**Action item**
What is needed is a word-for-word transcript of the listing, free of pictures.

**Dataset content**
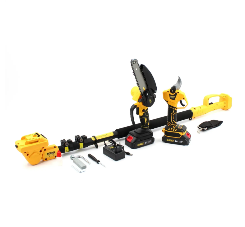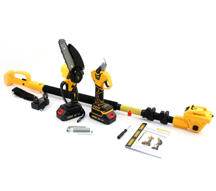 Набір акумуляторний 3в1 DeWalt 24V (Міні-пила / Секатор / Телескопічна штанга 2.6 м) Шина 15 см Різ 30 мм 2 АКБ
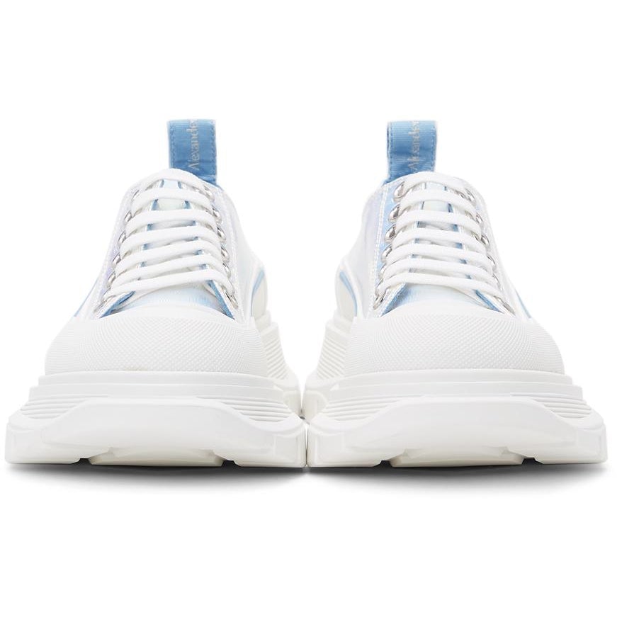 Low-top canvas sneakers in iridescent silver-tone. Round rubber cap toe in white. Lace-up closure in white. Logo printed in white at tongue. Logo-woven webbing pull-loop in blue at heel collar. Textured rubber platform midsole featuring stripe in blue and embossed logo at outer side. Treaded rubber outsole in white. Silver-tone hardware. Approx. 1.75 platform. Supplier color: Multicolor/White/Silver Upper: textile. Sole: rubber. Brand: Alexander McQueen
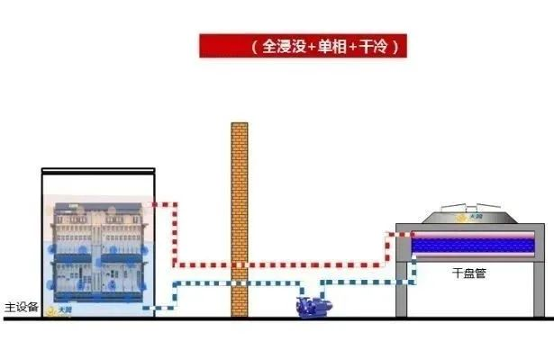 单相液冷冷却液在循环散热过程中始终维持液态,不发生相变,故要求冷却液的沸点较高,这样冷却液挥发流失控制相对简单,与设备的元器件兼容性比较好,但相比两相液冷,其效率较低。根据实际应用场景,可采用干冷器或冷却塔散热。
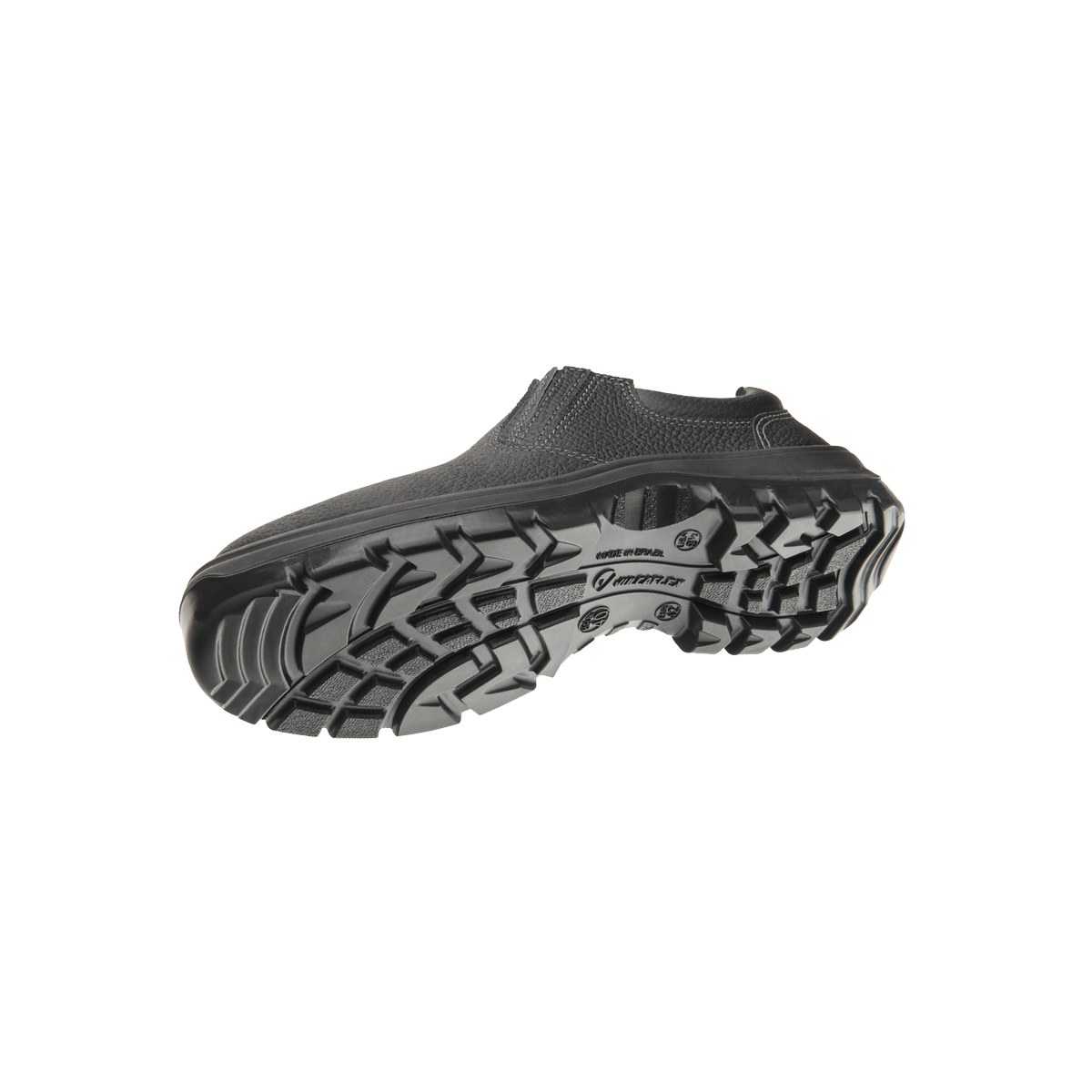 O solado em PU bidensidade tem sistema de absorção de impacto, sendo injetado diretamente no cabedal.

**The answer**
 Набір акумуляторний 3в1 DeWalt 24V (Міні-пила / Секатор / Телескопічна штанга 2.6 м) Шина 15 см Різ 30 мм 2 АКБ
 Low-top canvas sneakers in iridescent silver-tone. Round rubber cap toe in white. Lace-up closure in white. Logo printed in white at tongue. Logo-woven webbing pull-loop in blue at heel collar. Textured rubber platform midsole featuring stripe in blue and embossed logo at outer side. Treaded rubber outsole in white. Silver-tone hardware. Approx. 1.75 platform. Supplier color: Multicolor/White/Silver Upper: textile. Sole: rubber. Brand: Alexander McQueen
 单相液冷冷却液在循环散热过程中始终维持液态,不发生相变,故要求冷却液的沸点较高,这样冷却液挥发流失控制相对简单,与设备的元器件兼容性比较好,但相比两相液冷,其效率较低。根据实际应用场景,可采用干冷器或冷却塔散热。
 O solado em PU bidensidade tem sistema de absorção de impacto, sendo injetado diretamente no cabedal.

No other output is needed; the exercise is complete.